Your instructions. The data below should be printed in full, exactly, and without any of its images.

Data provided.
##########
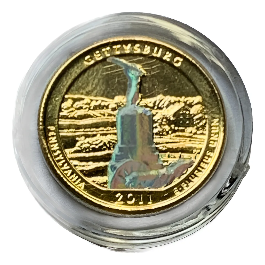 Moneda quarter Gettysburg 2011, edición bañada en oro y óleo, con detalles
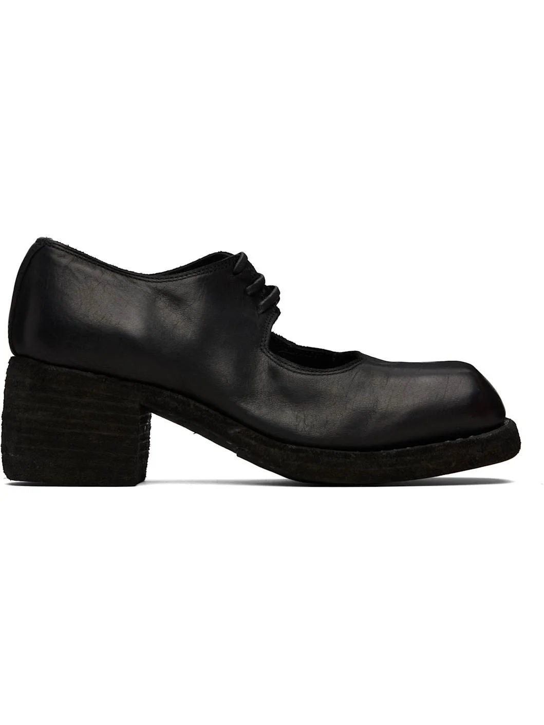 Buffed horse leather derbys. · Square toe · Cutout at vamp · Lace-up closure · Buffed leather lining · Topstitching at welt · Stacked leather block heel · Leather sole · Heel: H2.5" Supplier color: Blkt Upper: horse leather. Sole: leather. Made in Italy 252703F122001
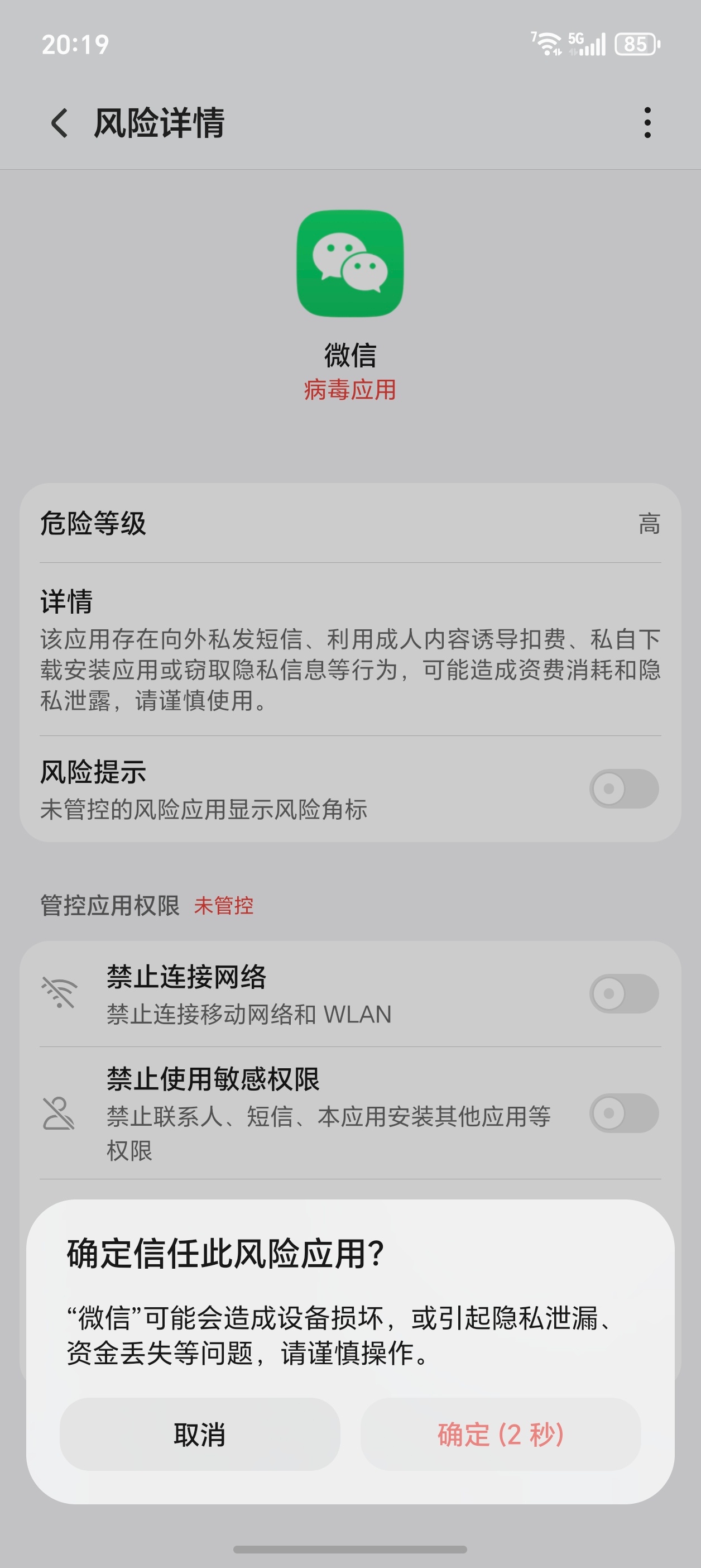 手机管家更新后,终于可以把应用解除管控后添加进白名单了
##########
Completed task.
 Moneda quarter Gettysburg 2011, edición bañada en oro y óleo, con detalles
 Buffed horse leather derbys. · Square toe · Cutout at vamp · Lace-up closure · Buffed leather lining · Topstitching at welt · Stacked leather block heel · Leather sole · Heel: H2.5" Supplier color: Blkt Upper: horse leather. Sole: leather. Made in Italy 252703F122001
 手机管家更新后,终于可以把应用解除管控后添加进白名单了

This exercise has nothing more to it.